セロトニン再取り込み阻害薬による不安緩和作用の作用機序解明-光遺伝学を用いて

大村 優
(北海道大学大学院医学研究科 助教)

2019年11月30日土曜日

論文紹介:セロトニン5-HT2C受容体欠損マウスは不安が低いが、新しい環境に慣れにくい。

先日、セロトニン5-HT2C受容体遺伝子を持っていないマウスはあまり不安を感じないが、新しい環境に慣れるのは遅く探索行動を続ける、ということを報告した論文が受理されました。

Behavioral Characteristics of 5-HT2C Receptor Knockout Mice: Locomotor activity, Anxiety-, and Fear Memory-related Behaviors
Nebuka M, Ohmura Y, Izawa S, Bouchekioua Y, Nishitani N, Yoshida T, Yoshioka M.
Behavioural Brain Research, in press.
https://doi.org/10.1016/j.bbr.2019.112394

これは大学院生の根深さんとの研究です。

研究開始当初とはだいぶ趣旨が変わりましたが、結果的に良い研究になったと思っています。最初は、恐怖記憶の消去にセロトニン5-HT2C受容体が関わっていそうだという私の予備的結果から始まっています。その上で運動量や不安といった周辺の機能について先行研究を再現する必要があったのですが、どうもセロトニン5-HT2C受容体遺伝子欠損マウスに関する先行研究の結果がバラバラで、そもそも何を再現したらいいのかが分からない。何でこんなことになってるの?ということになり、方針転換。なぜ先行研究の結果がバラバラなのか、その原因を追究することにしました。

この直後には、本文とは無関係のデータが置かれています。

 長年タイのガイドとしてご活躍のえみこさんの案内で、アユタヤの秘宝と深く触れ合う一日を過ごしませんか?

一応その原因は判明したのですが、一言ではちょっと説明が難しいです。。。
強引に要約すると、先行研究よりも詳細な分析方法を用いると、裏に隠れていた性質は共通のようでした、という結論です。

まず、運動量についてですが、マウスは新しい環境に置かれると、周囲を探索します。しかし時間が経つとその探索行動(運動量)はどんどん減少していきます。
これを新奇環境への慣れ、とみなすわけですが、セロトニン5-HT2C受容体遺伝子欠損マウスではなかなか探索行動が減少しないのです。
しかし新しい環境に置かれた直後は通常のマウスと同じような振る舞いをするので、経時変化を詳細に分析しないと違いが分からなかった、ということです。

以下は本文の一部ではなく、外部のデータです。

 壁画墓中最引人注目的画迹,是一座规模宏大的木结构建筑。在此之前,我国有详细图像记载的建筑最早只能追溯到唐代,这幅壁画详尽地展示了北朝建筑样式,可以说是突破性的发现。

次に不安についてですが、どうもセロトニン5-HT2C受容体遺伝子欠損マウスは「優柔不断」みたいな性質があるらしく、そのために従来の不安評価方法(高架式十字迷路)ではマウスが判断を迷っている時間が長いためにうまく評価できない。そこでマウスが判断を迷わなくてよい(より選択肢が少ない)状況において不安を評価すると、セロトニン5-HT2C受容体遺伝子欠損マウスはあまり不安を感じていないようだ、という結果でした。

当初の目的であった恐怖記憶の消去についても調べているのですが、それについては結論を保留しています。その理由についてはマニアックな話になるので、興味のある方は論文をご覧になってください。

ともかくセロトニン5-HT2C受容体の機能を失うと不安が軽減される、ということなので、セロトニン5-HT2C受容体をブロックする薬というのが抗不安薬の開発において一つの手掛かりになるのかもしれません。副作用としては、優柔不断になってしまう、でしょうか。

この論文は、先行研究の追試がメインになっていたので、一般的にはなかなか受理されにくい論文です。そこで雑誌の編集者に添えた手紙には、「『新しい』研究ばかりがもてはやされて統合されることなく散発的に論文が出ている現状は科学の発展に望ましくなく、それらを統合しようとする試みこそ科学の発展には重要ではないか」というようなことを書きました。これは私の本音です。そして、それを受け入れてくれたBehavioural Brain Researchの編集者に敬意と感謝の意を表します。

2019年11月5日火曜日

論文紹介:ブロナンセリンは衝動的行動を抑制する

先日、非定型抗精神病薬のブロナンセリンが衝動的行動を抑制することを報告した論文が受理されました。

Blonanserin Suppresses Impulsive Action in Rats.
Nishitani N, Sasamori H, Ohmura Y, Yoshida T, Yoshioka M.
J Pharmacol Sci., in press.
https://doi.org/10.1016/j.jphs.2019.09.013

これは助教の西谷先生および大学院生の笹森さんとの研究です。
実はこれは私が6年前ぐらいに途中までやった実験を忘れていて、最近ふとした拍子に古いデータを見つけて思い出して二人にデータを足してもらって短くまとめたというものです。
情けない話ですが、思い出しただけ良しとしましょう。

抗精神病薬で衝動的行動を抑えることが確認されているのは、クロザピンとリスペリドンだけだったので、1つ足せた、ということですね。短報ですが、それなりに意味のある報告ではないかと思っています。じゃあ忘れずに早く出せばいいのにね。。。